Some people obviously swear by it, and thus created Ruby on Rails.

Python does have some weird features as well, but I try to steer away from it, and keep my code simple and boring. My primary concern is how efficient the code is executed as it gets translated into machine code.

The cost/benefit ratio of switching to Ruby never quite seemed worth it. So I continue to stick with Python, for applications that are not time execution sensitive. For all others, there's Java, then C++, then C itself.


you say “created by an amateur” like it’s an insult.

some of the best things we have are created by total amateurs. thats how this works.

i’m not 100% on the life histories of Matz and Guido but wasnt Guido kind of also an amateur too?


They were both involved academically with language design.


"...Python, for applications that are not time execution sensitive. For all others, there's Java, then C++, then C itself."

That is assuming you know how to work with data structures and algorithms the right way. A O(n^n) implementation runs slow in C as well.

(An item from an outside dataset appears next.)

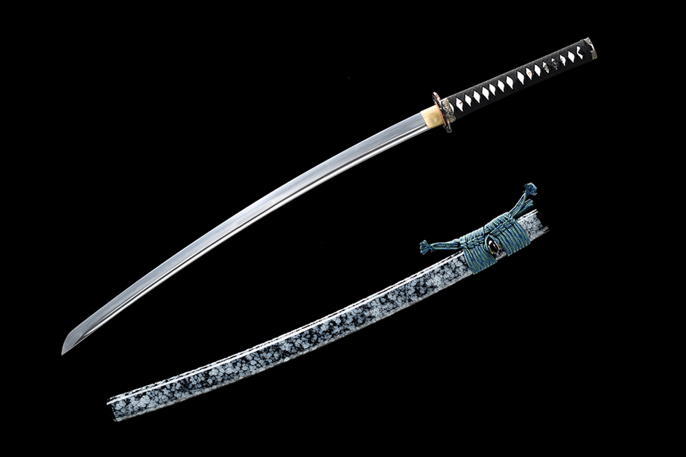 28寸手工刀全長:104cm 刃長:68cm 柄長:28cm刃材:1045鋼燒刃全槽有切線柄材:實木 繞黑色帶+仿魚皮鞘材:實木黑白大理石紋殼三圈黑 繞綠間藍真絲帶配件:銅+鋅合金包裝:雙瓦紙盒裝 帶黑布袋

This should not be dated 2015 because this is the second edition that just came out today.


This is the second edition, which is new, so it shouldn't be (2015).


I’m right there with ya calderarrow. I’m a middle aged physician with no prior programming experience, but I picked this book up on a whim a few years ago and it changed my life. I started automating little thing a here and there and now I see opportunities everywhere that a “real developer” could capitalize on. For as expensive as EMR’s are, you will NEVER meet a doctor who loves theirs, they just hate some less than others. Patient portals are even worse. This industry is ripe for disruption.


I am biased because the author is a friendly acquaintance, but this is a great book (and Al is a great person.)